The first caseworker initially supervised weekly visits between T.F. and R.F. She testified that T.F. displayed good parenting skills and interacted appropriately with R.F. She described T.F. as having a bond with R.F. and said the two related well. The caseworker testified that she and T.F. had an argument at the end of one of the visits because he had not been informed that R.F. had been in a motor vehicle collision. The

3 caseworker said she attempted to apologize for the lack of notice but T.F. was unmollified and eventually called the police. She testified that at the next visit T.F. accused KVC of being racist and said he wanted an African-American caseworker.

The caseworker testified that after the State filed the motion to terminate parental rights T.F.'s visits with R.F. were cut back from once a week to once a month. According to the caseworker, T.F. participated in those visits but did little else called for in the reintegration plan. She specifically noted T.F. stopped going to therapy and did not submit to drug testing.

At the termination hearing, T.F. testified that he attended several therapy sessions. He agreed that he stopped going without KVC's approval. The State offered no evidence that T.F. had a substance abuse problem immediately before or during this case or that he ever tested positive for illegal drugs.

The caseworker testified that KVC, with approval from the Department, determined that T.F.'s consent to have his relatives adopt R.F. should be treated as a general relinquishment of his parental rights. Based on that assessment, KVC terminated visitation between T.F. and R.F. in July 2017. But a relinquishment of parental rights to the Department is not the same as a consent to adoption. See K.S.A. 2018 Supp. 38- 2268(b)(1), (d). On appeal, the State has not argued that T.F.'s motion for adoption and the supporting documents amounted to a relinquishment of his parental rights to the Department.

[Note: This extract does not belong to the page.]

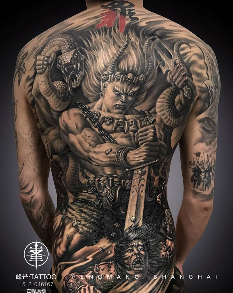 蚩尤神怒(原创)纹身图片_背部新传统欧美写实蚩尤战神猛将纹身图案

The second KVC caseworker had responsibility for the case from July 2017 through January 2018. She supervised the last visit between T.F. and R.F. in July 2017. She testified that she had no communication from T.F. after that visit. She did not say whether she attempted to contact T.F. The last caseworker was assigned in January 2018 as an adoption case manager and continued through the termination hearing. She, too,

4 reported having no communication from T.F. She testified she made no effort to contact T.F.

Those caseworkers testified T.F. did not attend case plan meetings in September 2017 and June 2018. Although they said T.F.